OPINION PUBLISHED IN PART
A criminal information for leading organized crime which lists alternate means-to organize, manage, direct, supervise, and finance-and alternate predicate crimes-forgery, theft, and possession of drugs with intent to deliver-does not require the judge, sitting without a jury, to find all means and all predicates to convict. We reject Steven Munson's argument to the contrary and affirm his conviction for leading organized crime.
FACTS
The State charged Steven Munson with leading organized crime. The information alleged in pertinent part that he:
did intentionally ORGANIZE, MANAGE, DIRECT, SUPERVISE AND FINANCE three (3) persons, to-wit: ․ with the intent to engage in a pattern of criminal profiteering activity, to-wit: Forgery, as defined in RCW 9A.60.020 and .030; Theft, as defined in RCW 9A.56.030, .040, .060 and .080; and Possession of a Controlled Substance with Intent to Deliver as defined in RCW 69.50.

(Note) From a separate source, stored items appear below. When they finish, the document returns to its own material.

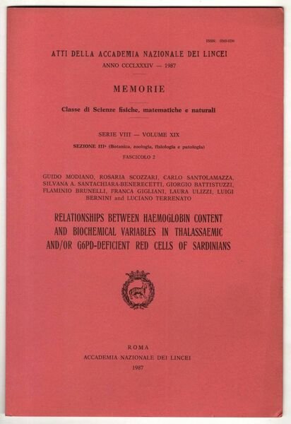 Relationship between haemoglobin content and biochemical variables in thalassaemic and/or G6PD-deficient red cells of sardinians
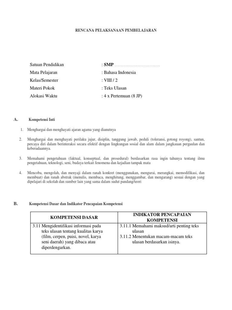 RPP TEKS ULASAN KELAS VIII SEMESTER 2 ~ ZUHRI INDONESIA
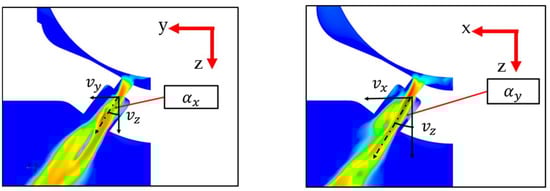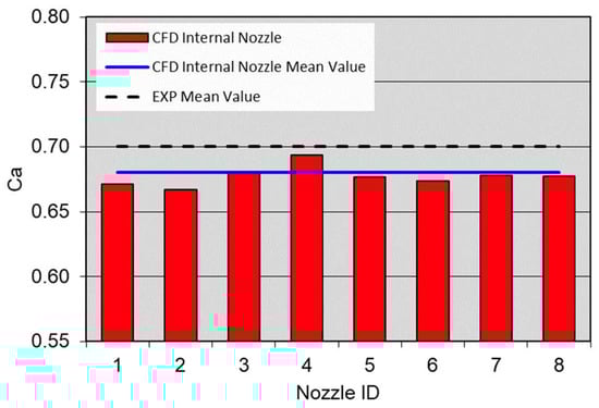 In the light of the promising results obtained with the 5-hole injector, the same numerical approach is adopted for the Spray G. In particular, the initial droplet diameter is set equal to nearly 10 µm, which roughly corresponds to the experimental Sauter Mean Diameter (SMD) measured on a plane 15 mm away from the tip along the injector axis. As for the static initial droplet velocity, compared to the previous case, a more reliable estimation can be obtained thanks to the availability of Cd, Ca and Cv [], which are discharge, contraction and velocity coefficients, respectively, and whose definitions are reported hereafter.
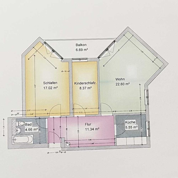 Sanierte Wohnung mit drei Zimmern und Balkon in Stadtbergen
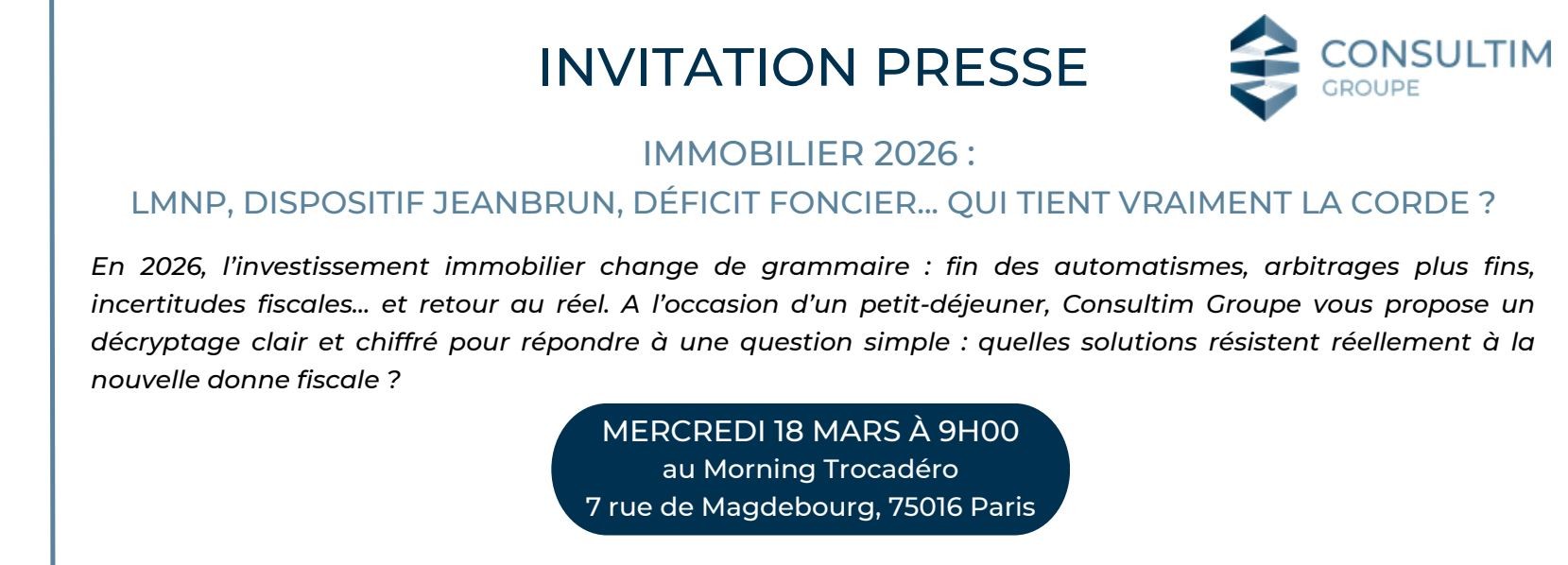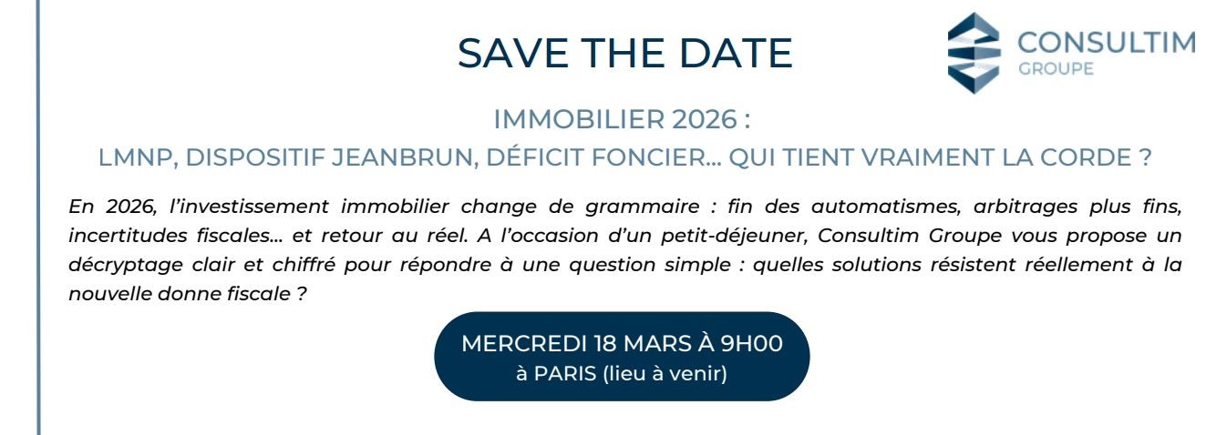 En 2026, l’investissement immobilier change de grammaire : fin des automatismes, arbitrages plus fins, incertitudes fiscales… et retour au réel. A l’occasion d’un petit-déjeuner, Consultim Groupe vous propose un décryptage clair et chiffré pour répondre à une question simple : quelles solutions résistent réellement à la nouvelle donne fiscale ?

Clerk's Papers (CP) at 1 (emphasis added). A trial judge found him guilty following a bench trial. The judge concluded that Mr. Munson intentionally organized, managed, directed, and supervised three or more persons between May 10, 2001 and May 24, 2002 in the criminal enterprise of forgery. CP at 35 (Conclusion of Law 1). And he concluded that Mr. Munson acted with the intent to engage in a pattern of criminal profiteering activity-forgery. CP at 36 (Conclusion of Law 2). The judge did not find that Mr. Munson financed the organization. CP at 35 (Finding of Fact 28). Nor did he find that theft or possession of a controlled substance with intent to deliver were part of the criminal activity. CP at 35 (Finding of Fact 29).
DISCUSSION
Sufficiency of Evidence-Proof of Financing
Our review here is limited to whether the findings of fact support the trial judge's conclusions of law. State v. Alvarez, 105 Wash.App. 215, 220, 19 P.3d 485 (2001). The court's findings are unchallenged and verities on appeal. State v. Pauling, 149 Wash.2d 381, 391, 69 P.3d 331, cert. denied, 540 U.S. 986, 124 S.Ct. 470, 157 L.Ed.2d 379 (2003).
Leading organized crime requires “[i]ntentionally organizing, managing, directing, supervising, or financing any three or more persons with the intent to engage in a pattern of criminal profiteering activity.” RCW 9A.82.060(1)(a) (emphasis added). “Criminal profiteering” is any act committed for financial gain that is chargeable as one of the predicate felonies enumerated in RCW 9A.82.010(4). Forgery is one of those predicate felonies. RCW 9A.82.010(4)(d).
Here, 10 people were involved. They brought stolen account and/or identity information to Mr. Munson. He would then forge checks and direct them to pass the stolen checks for cash, clothing, food, or check-making materials. Mr. Munson forged some identifications to facilitate passing the checks. He called merchant account information to verify funds before sending the check-passers out to pass the forged checks. Mr. Munson occasionally told his charges where they should pass the forged checks. His minions delivered the cash, merchandise, and food purchased with the forged checks to Mr. Munson. Mr. Munson monitored their activities with receipts. And he rewarded their efforts with cash, drugs, food, and shelter. In short, Mr. Munson was in charge of the operation.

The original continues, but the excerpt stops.